**WHAT THE TASK REQUIRES:** Give the lines below again, exactly as they stand, and leave out the images.

(Items listed in a dataset)
————

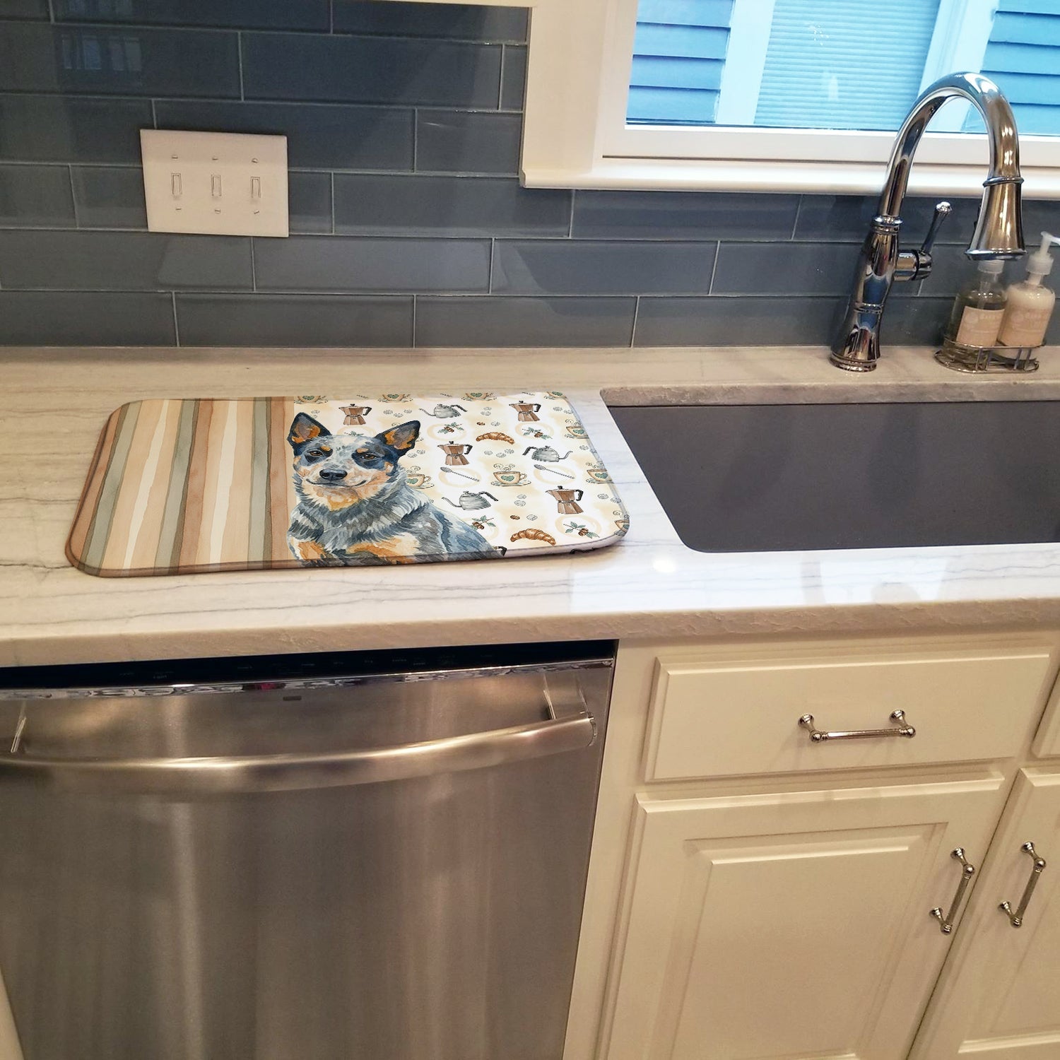 Shown here is the Blue Heeler Australian Cattle Dog Coffee Bar Dish Drying Mat from Caroline's Treasures featuring artwork of a Australian Cattle Dog Blue Heeler in a Everyday design. The detailed illustration and vibrant colors make it a standout accent that celebrates both seasonal style and love for the subject. This image features a cozy watercolor coffee-themed pattern with illustrated mugs, moka pots, kettles, croissants, coffee beans, and sugar cubes arranged in a repeating design. Soft neutral tones with warm browns, creams, and subtle sage accents create an inviting, café-inspired look that feels comforting and relaxed. Everyday décor celebrates personal style and the small moments that make a house feel like home. Thoughtful designs add warmth and personality that can be enjoyed year-round. Say goodbye to messy countertops and soggy dish towels with our innovative dish drying mat. Our high-quality dish drying pad is designed to keep your countertops dry while offering a stylish and efficient solution. Whether you're air drying dishes, glasses, stemware, silverware, pots, pans, bottles, or even fruits and vegetables, our dish mat is the perfect choice. The 14 inches x 21 inches size fits most counters and dish drying racks, and the non-slip design ensures stability. Made with water-absorbent polyester and a polyurethane foam insert, our dish drying mat is not only functional but also durable. It's machine washable and printed in the USA for long-lasting use. The beautiful artwork adds flair to your kitchen decor, making it a perfect housewarming gift or present for any occasion. Upgrade your kitchen experience with our absorbent and versatile dish drying mat. Perfect for: Kitchen counters and sinks, everyday dish drying and countertop protection, Dogs-themed homes, or year-round use for Australian Cattle Dog Blue Heeler lovers. Australian Cattle Dogs, also known as Blue Heelers, are compact and muscular with alert expressions. Their sturdy build reflects intelligence and endurance. Makes a heartfelt gift for: Australian Cattle Dog Blue Heeler owners, Dogs lovers, Everyday gifts, pet parents, friends who adore their Australian Cattle Dog Blue Heeler, or anyone celebrating Dogs.
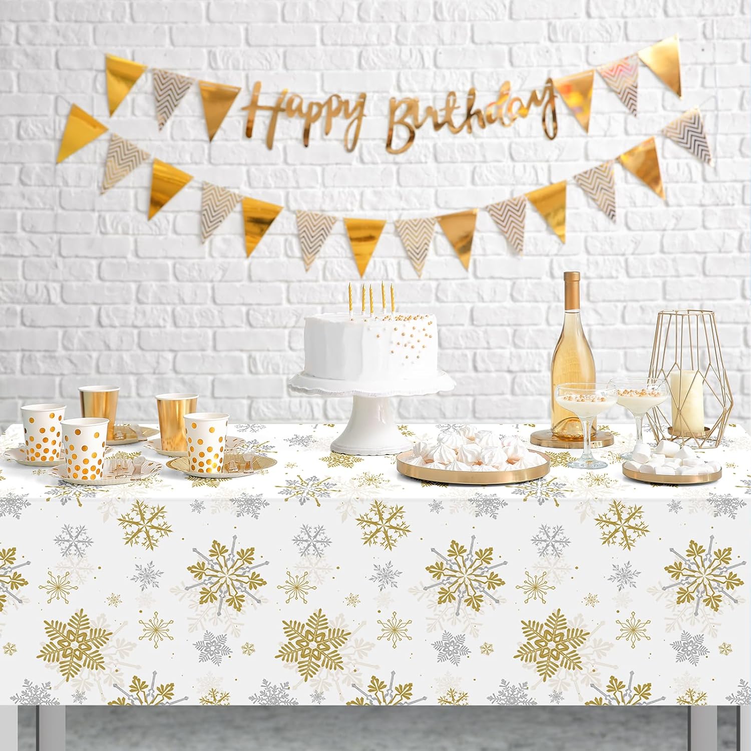 - What will you receive:3 pieces white and gold Christmas plastic party tablecloth,all over printed with gold and silver snowflake patterns on pure white backdrop,ideal for decorating your winter holiday and Christmas party supplies and decorations
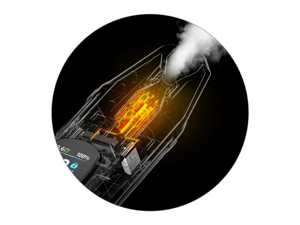 Proslulá a vysoce efektivní kontrola teploty při žhavení u čipsetu DNA se postará o bezpečný provoz bez vzniku dry hitu. Pokud vám uvnitř cartridge dojde e-liquid, žhavení se jednoduše pozastaví a vyskočí na vás chybová hláška, abyste doplnili e-liquid. Nemusíte se tak obávat zkreslení chuti a nepříjemného zápachu při potažení prázdné cartridge. Výrobce čipu DNA Evolv si na teplotní kontrole velice zakládá a vypiplal ji k opravdové dokonalosti.
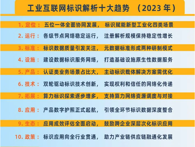工業互聯網標識解析十大趨勢是標識產業每年的風向標。11月14日,在2023年工業互聯網標識大會(江蘇)上,中國信通院發布了工業互聯網標識解析十大趨勢(2023年)。該趨勢從標識解析體系的定位、運行、標準、設施、產品、技術、拓展、應用、生態和政策這十個角度,關注已在產業鏈上下游形成強大生態的技術,著眼于前沿技術的探索與實踐驗證,以洞察標識解析技術在新型工業化中的角色轉換、產業創新和應用場景的演變。
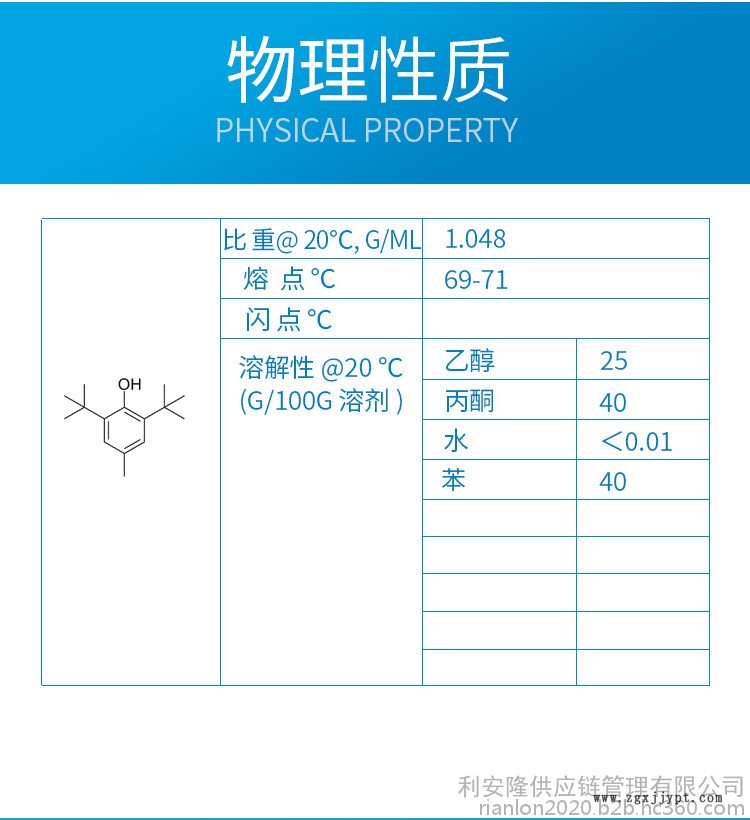 | 化學(xué)名稱 | 2,6-二叔丁基-4-甲基苯酚 | |||

————

**WORKED SOLUTION:**
 Shown here is the Blue Heeler Australian Cattle Dog Coffee Bar Dish Drying Mat from Caroline's Treasures featuring artwork of a Australian Cattle Dog Blue Heeler in a Everyday design. The detailed illustration and vibrant colors make it a standout accent that celebrates both seasonal style and love for the subject. This image features a cozy watercolor coffee-themed pattern with illustrated mugs, moka pots, kettles, croissants, coffee beans, and sugar cubes arranged in a repeating design. Soft neutral tones with warm browns, creams, and subtle sage accents create an inviting, café-inspired look that feels comforting and relaxed. Everyday décor celebrates personal style and the small moments that make a house feel like home. Thoughtful designs add warmth and personality that can be enjoyed year-round. Say goodbye to messy countertops and soggy dish towels with our innovative dish drying mat. Our high-quality dish drying pad is designed to keep your countertops dry while offering a stylish and efficient solution. Whether you're air drying dishes, glasses, stemware, silverware, pots, pans, bottles, or even fruits and vegetables, our dish mat is the perfect choice. The 14 inches x 21 inches size fits most counters and dish drying racks, and the non-slip design ensures stability. Made with water-absorbent polyester and a polyurethane foam insert, our dish drying mat is not only functional but also durable. It's machine washable and printed in the USA for long-lasting use. The beautiful artwork adds flair to your kitchen decor, making it a perfect housewarming gift or present for any occasion. Upgrade your kitchen experience with our absorbent and versatile dish drying mat. Perfect for: Kitchen counters and sinks, everyday dish drying and countertop protection, Dogs-themed homes, or year-round use for Australian Cattle Dog Blue Heeler lovers. Australian Cattle Dogs, also known as Blue Heelers, are compact and muscular with alert expressions. Their sturdy build reflects intelligence and endurance. Makes a heartfelt gift for: Australian Cattle Dog Blue Heeler owners, Dogs lovers, Everyday gifts, pet parents, friends who adore their Australian Cattle Dog Blue Heeler, or anyone celebrating Dogs.
 - What will you receive:3 pieces white and gold Christmas plastic party tablecloth,all over printed with gold and silver snowflake patterns on pure white backdrop,ideal for decorating your winter holiday and Christmas party supplies and decorations
 Proslulá a vysoce efektivní kontrola teploty při žhavení u čipsetu DNA se postará o bezpečný provoz bez vzniku dry hitu. Pokud vám uvnitř cartridge dojde e-liquid, žhavení se jednoduše pozastaví a vyskočí na vás chybová hláška, abyste doplnili e-liquid. Nemusíte se tak obávat zkreslení chuti a nepříjemného zápachu při potažení prázdné cartridge. Výrobce čipu DNA Evolv si na teplotní kontrole velice zakládá a vypiplal ji k opravdové dokonalosti.
工業互聯網標識解析十大趨勢是標識產業每年的風向標。11月14日,在2023年工業互聯網標識大會(江蘇)上,中國信通院發布了工業互聯網標識解析十大趨勢(2023年)。該趨勢從標識解析體系的定位、運行、標準、設施、產品、技術、拓展、應用、生態和政策這十個角度,關注已在產業鏈上下游形成強大生態的技術,著眼于前沿技術的探索與實踐驗證,以洞察標識解析技術在新型工業化中的角色轉換、產業創新和應用場景的演變。
 | 化學(xué)名稱 | 2,6-二叔丁基-4-甲基苯酚 | |||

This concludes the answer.